▸ **WHAT THE TASK ASKS**
Quote the material exactly from the line that contains "The short sleeve" through its last line. Any pictures are to be left out.
[[ SOURCE DATA, beginning ]]
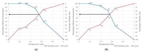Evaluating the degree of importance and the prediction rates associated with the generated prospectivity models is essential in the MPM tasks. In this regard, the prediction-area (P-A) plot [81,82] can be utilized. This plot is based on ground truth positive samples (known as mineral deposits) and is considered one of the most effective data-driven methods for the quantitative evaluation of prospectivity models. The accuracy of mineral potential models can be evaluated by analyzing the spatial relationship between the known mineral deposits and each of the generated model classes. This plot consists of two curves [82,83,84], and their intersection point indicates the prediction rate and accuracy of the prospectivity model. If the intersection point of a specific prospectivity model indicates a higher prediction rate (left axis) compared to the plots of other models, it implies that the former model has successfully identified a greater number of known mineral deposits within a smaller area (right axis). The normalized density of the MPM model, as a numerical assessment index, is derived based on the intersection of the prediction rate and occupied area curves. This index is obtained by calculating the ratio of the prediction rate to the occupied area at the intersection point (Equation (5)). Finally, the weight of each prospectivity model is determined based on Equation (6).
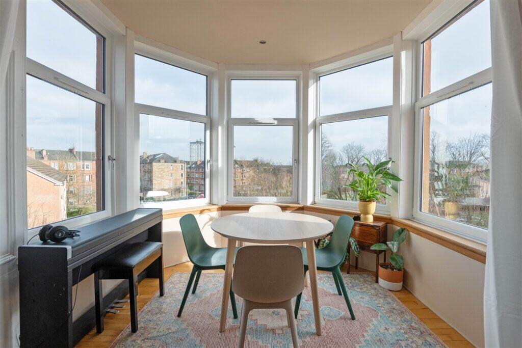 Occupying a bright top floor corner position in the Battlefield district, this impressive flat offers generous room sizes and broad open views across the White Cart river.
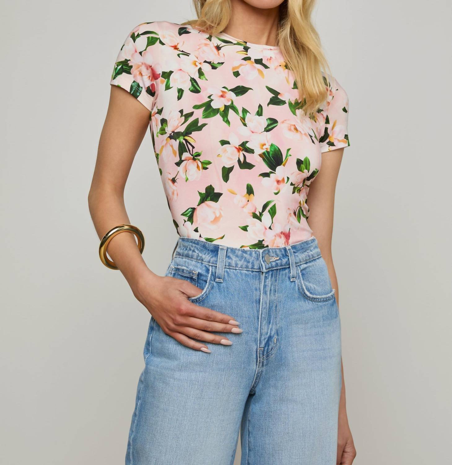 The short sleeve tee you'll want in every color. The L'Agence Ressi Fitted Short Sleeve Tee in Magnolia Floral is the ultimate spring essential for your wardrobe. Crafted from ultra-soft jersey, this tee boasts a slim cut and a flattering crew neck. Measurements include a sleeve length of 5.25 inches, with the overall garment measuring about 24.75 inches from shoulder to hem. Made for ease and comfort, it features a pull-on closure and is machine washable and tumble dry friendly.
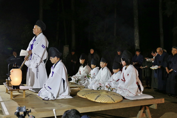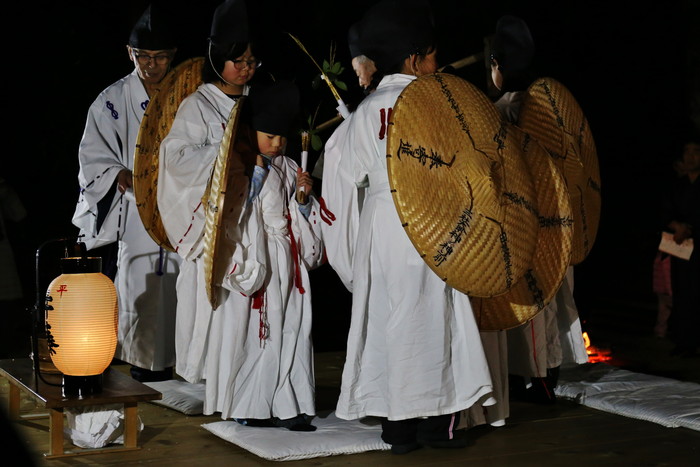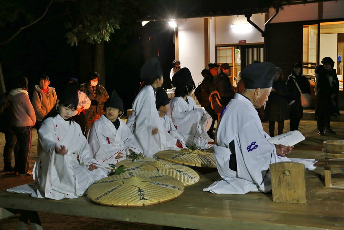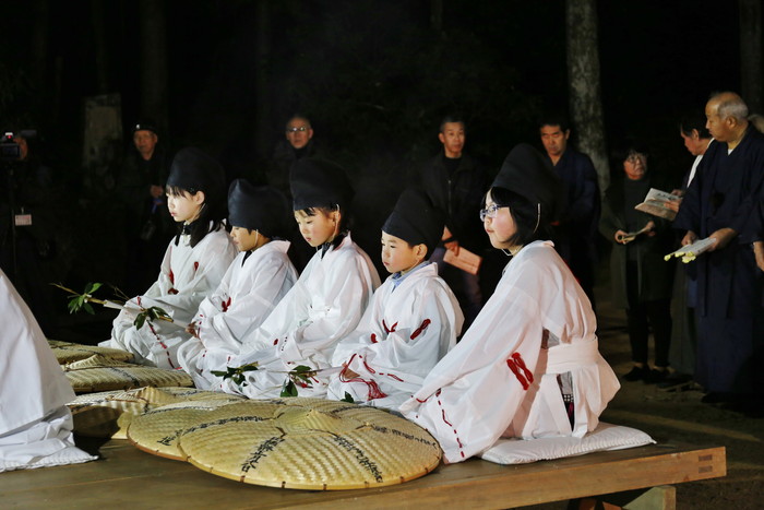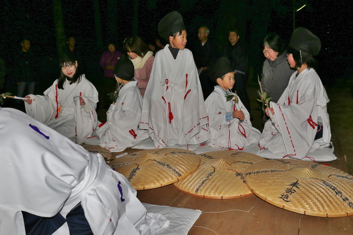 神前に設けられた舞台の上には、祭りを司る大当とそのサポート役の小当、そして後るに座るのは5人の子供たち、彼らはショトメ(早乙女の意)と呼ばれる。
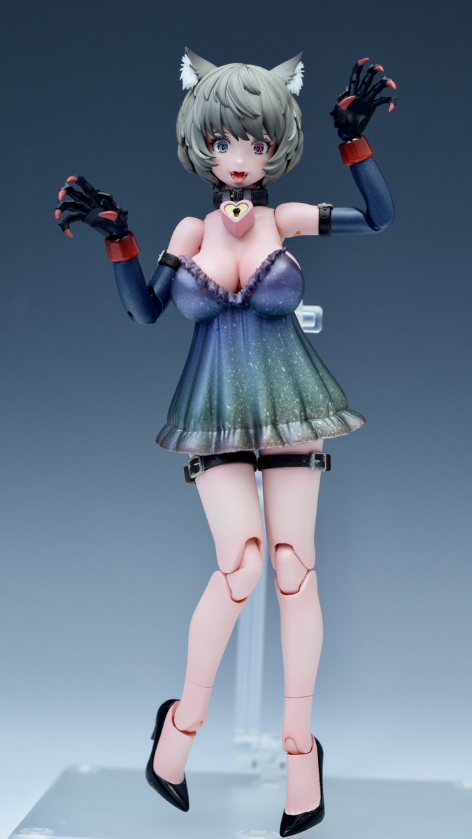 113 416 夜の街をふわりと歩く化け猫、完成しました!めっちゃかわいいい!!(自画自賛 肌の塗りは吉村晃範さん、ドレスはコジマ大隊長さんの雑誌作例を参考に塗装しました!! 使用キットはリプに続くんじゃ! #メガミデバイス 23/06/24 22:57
[[ SOURCE DATA, end ]]
▸ **TASK ANSWER**
 The short sleeve tee you'll want in every color. The L'Agence Ressi Fitted Short Sleeve Tee in Magnolia Floral is the ultimate spring essential for your wardrobe. Crafted from ultra-soft jersey, this tee boasts a slim cut and a flattering crew neck. Measurements include a sleeve length of 5.25 inches, with the overall garment measuring about 24.75 inches from shoulder to hem. Made for ease and comfort, it features a pull-on closure and is machine washable and tumble dry friendly.
 神前に設けられた舞台の上には、祭りを司る大当とそのサポート役の小当、そして後るに座るのは5人の子供たち、彼らはショトメ(早乙女の意)と呼ばれる。
 113 416 夜の街をふわりと歩く化け猫、完成しました!めっちゃかわいいい!!(自画自賛 肌の塗りは吉村晃範さん、ドレスはコジマ大隊長さんの雑誌作例を参考に塗装しました!! 使用キットはリプに続くんじゃ! #メガミデバイス 23/06/24 22:57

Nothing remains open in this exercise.